Frequent object mining has gained considerable interest in the research community and can be split into frequent item mining and frequent set mining depending on the type of object. While existing sketch-based algorithms have made significant progress in addressing these two tasks concurrently, they also possess notable limitations. They either support only software platforms with low throughput or compromise accuracy for faster processing speed and better hardware compatibility. In this paper, we make a substantial stride towards supporting frequent object mining by designing SandwichSketch, which draws inspiration from sandwich making and proposes two techniques including the double fidelity enhancement and hierarchical hot locking to guarantee high fidelity on both two tasks.
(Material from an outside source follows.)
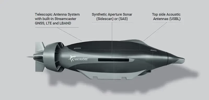 Первые результаты своей деятельности две компании представили в ноябре прошлого года на выставке Euronaval 2024 в Париже. На своём стенде Euroatlas продемонстрировала полноразмерный макет АНПА под названием Greyshark и ряд рекламных материалов, посвящённых новому проекту. Разработчики рассказали об основных особенностях аппарата и назвали расчётные характеристики.

We implement SandwichSketch on three platforms (CPU, Redis, and FPGA) and show that it enhances accuracy by

$38.4\times$

and

$5\times$

for two tasks on three real-world datasets, respectively. Additionally, it supports a distributed measurement scenario with less than a 0.01% decrease in Average Relative Error (ARE) when the number of nodes increases from 1 to 16.

查看原文本刊更多论文

SandwichSketch：数据流中频繁对象挖掘的更精确的草图

频繁对象挖掘在研究界引起了相当大的兴趣，根据对象的类型可以分为频繁项挖掘和频繁集挖掘。虽然现有的基于草图的算法在同时处理这两个任务方面取得了重大进展，但它们也具有明显的局限性。它们要么只支持低吞吐量的软件平台，要么为了更快的处理速度和更好的硬件兼容性而牺牲精度。在本文中，我们通过设计SandwichSketch在支持频繁对象挖掘方面迈出了坚实的一步，该设计从三明治制作中获得灵感，并提出了两种技术，包括双保真度增强和分层热锁定，以保证两种任务的高保真度。我们在三个平台（CPU、Redis和FPGA）上实现了SandwichSketch，并表明它在三个真实数据集上分别为两个任务提高了38.4倍和5倍的准确性。此外，它还支持分布式测量场景，当节点数从1增加到16时，平均相对误差（Average Relative Error， ARE）下降小于0.01%。

本文章由计算机程序翻译，如有差异，请以英文原文为准。

求助全文

约1分钟内获得全文求助全文

来源期刊

IEEE Transactions on Knowledge and Data Engineering 工程技术-工程：电子与电气

CiteScore

11.70

自引率

3.40%

发文量

515

审稿时长

6 months

期刊介绍： The IEEE Transactions on Knowledge and Data Engineering encompasses knowledge and data engineering aspects within computer science, artificial intelligence, electrical engineering, computer engineering, and related fields. It provides an interdisciplinary platform for disseminating new developments in knowledge and data engineering and explores the practicality of these concepts in both hardware and software. Specific areas covered include knowledge-based and expert systems, AI techniques for knowledge and data management, tools, and methodologies, distributed processing, real-time systems, architectures, data management practices, database design, query languages, security, fault tolerance, statistical databases, algorithms, performance evaluation, and applications.